Activity: Copy the records below word for word, from the first line through the line that contains "右脚向右跨一大步,屈膝下蹲成大马步。", and leave out any pictures.

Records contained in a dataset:
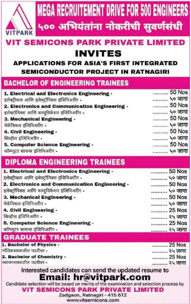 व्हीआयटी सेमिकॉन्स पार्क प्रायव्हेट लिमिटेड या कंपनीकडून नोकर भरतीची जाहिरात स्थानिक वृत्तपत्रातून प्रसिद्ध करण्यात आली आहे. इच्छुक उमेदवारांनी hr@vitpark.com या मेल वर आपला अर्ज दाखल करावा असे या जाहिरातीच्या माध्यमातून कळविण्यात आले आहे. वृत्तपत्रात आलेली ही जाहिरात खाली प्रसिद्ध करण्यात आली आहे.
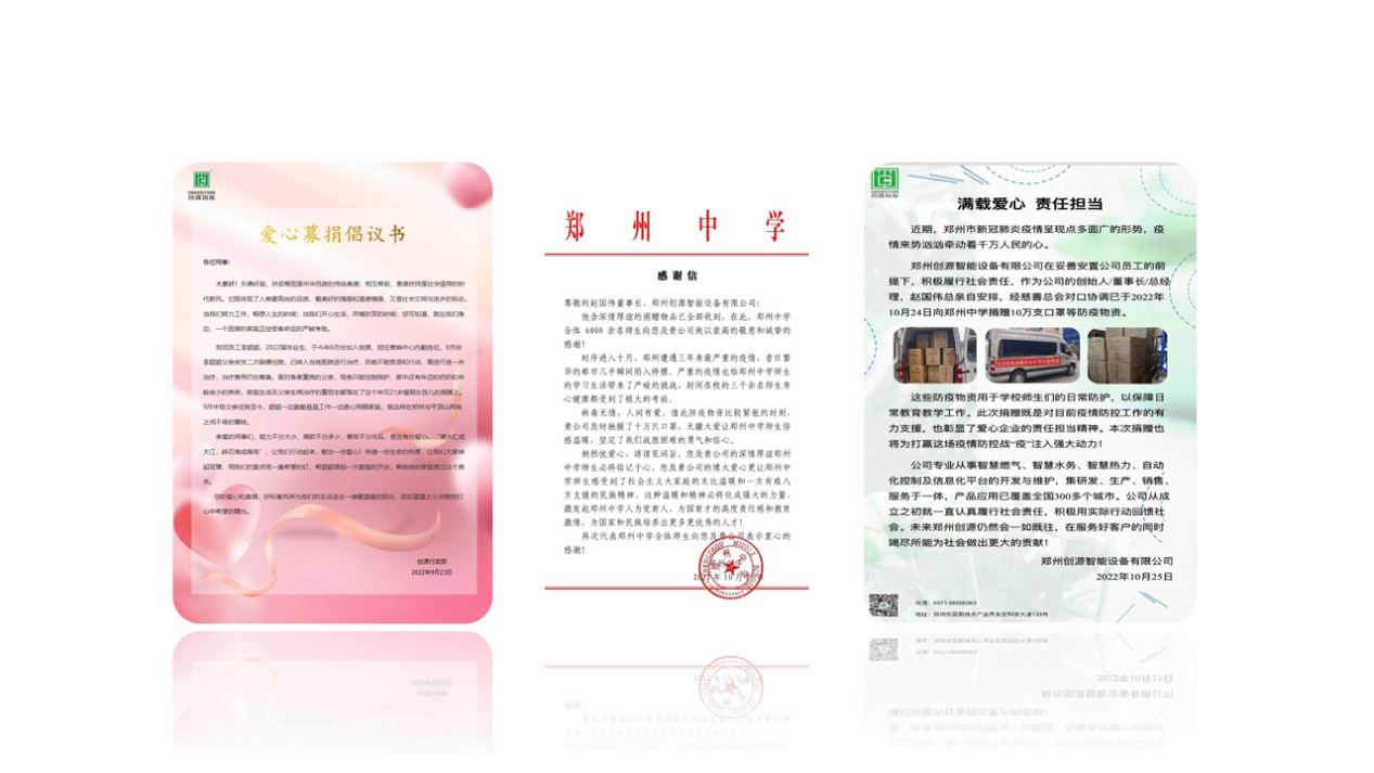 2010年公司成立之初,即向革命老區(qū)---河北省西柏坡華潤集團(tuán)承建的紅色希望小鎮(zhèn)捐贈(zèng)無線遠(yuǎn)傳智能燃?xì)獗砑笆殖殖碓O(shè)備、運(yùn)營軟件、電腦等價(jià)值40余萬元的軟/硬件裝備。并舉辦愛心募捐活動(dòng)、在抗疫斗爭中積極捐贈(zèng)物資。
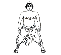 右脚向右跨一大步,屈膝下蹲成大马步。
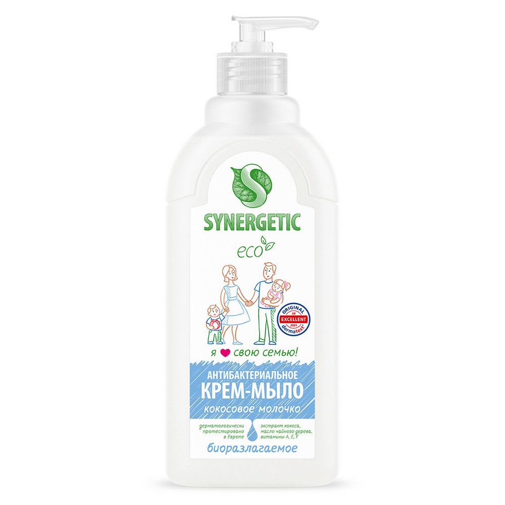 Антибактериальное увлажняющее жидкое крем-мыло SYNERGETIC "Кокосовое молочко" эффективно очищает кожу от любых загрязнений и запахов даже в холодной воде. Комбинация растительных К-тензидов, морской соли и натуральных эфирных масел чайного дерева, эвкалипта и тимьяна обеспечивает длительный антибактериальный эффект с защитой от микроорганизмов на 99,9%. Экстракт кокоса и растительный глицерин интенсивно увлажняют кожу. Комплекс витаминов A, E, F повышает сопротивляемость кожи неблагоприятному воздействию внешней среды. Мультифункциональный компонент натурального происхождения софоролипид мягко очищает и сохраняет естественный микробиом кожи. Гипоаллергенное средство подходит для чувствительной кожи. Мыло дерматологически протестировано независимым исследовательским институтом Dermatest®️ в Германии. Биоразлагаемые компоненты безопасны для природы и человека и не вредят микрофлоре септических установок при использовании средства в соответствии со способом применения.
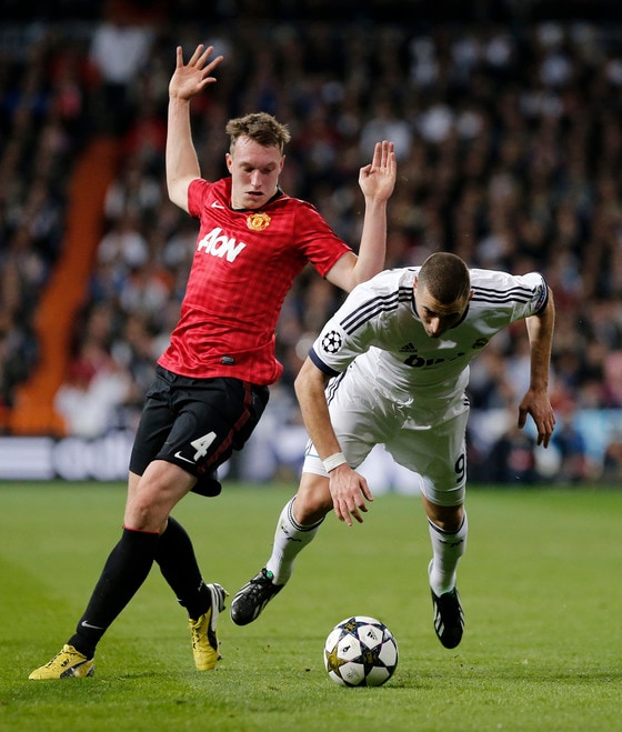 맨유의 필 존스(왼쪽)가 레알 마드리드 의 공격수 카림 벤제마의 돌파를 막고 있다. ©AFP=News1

Output of the task:
 व्हीआयटी सेमिकॉन्स पार्क प्रायव्हेट लिमिटेड या कंपनीकडून नोकर भरतीची जाहिरात स्थानिक वृत्तपत्रातून प्रसिद्ध करण्यात आली आहे. इच्छुक उमेदवारांनी hr@vitpark.com या मेल वर आपला अर्ज दाखल करावा असे या जाहिरातीच्या माध्यमातून कळविण्यात आले आहे. वृत्तपत्रात आलेली ही जाहिरात खाली प्रसिद्ध करण्यात आली आहे.
 2010年公司成立之初,即向革命老區(qū)---河北省西柏坡華潤集團(tuán)承建的紅色希望小鎮(zhèn)捐贈(zèng)無線遠(yuǎn)傳智能燃?xì)獗砑笆殖殖碓O(shè)備、運(yùn)營軟件、電腦等價(jià)值40余萬元的軟/硬件裝備。并舉辦愛心募捐活動(dòng)、在抗疫斗爭中積極捐贈(zèng)物資。
 右脚向右跨一大步,屈膝下蹲成大马步。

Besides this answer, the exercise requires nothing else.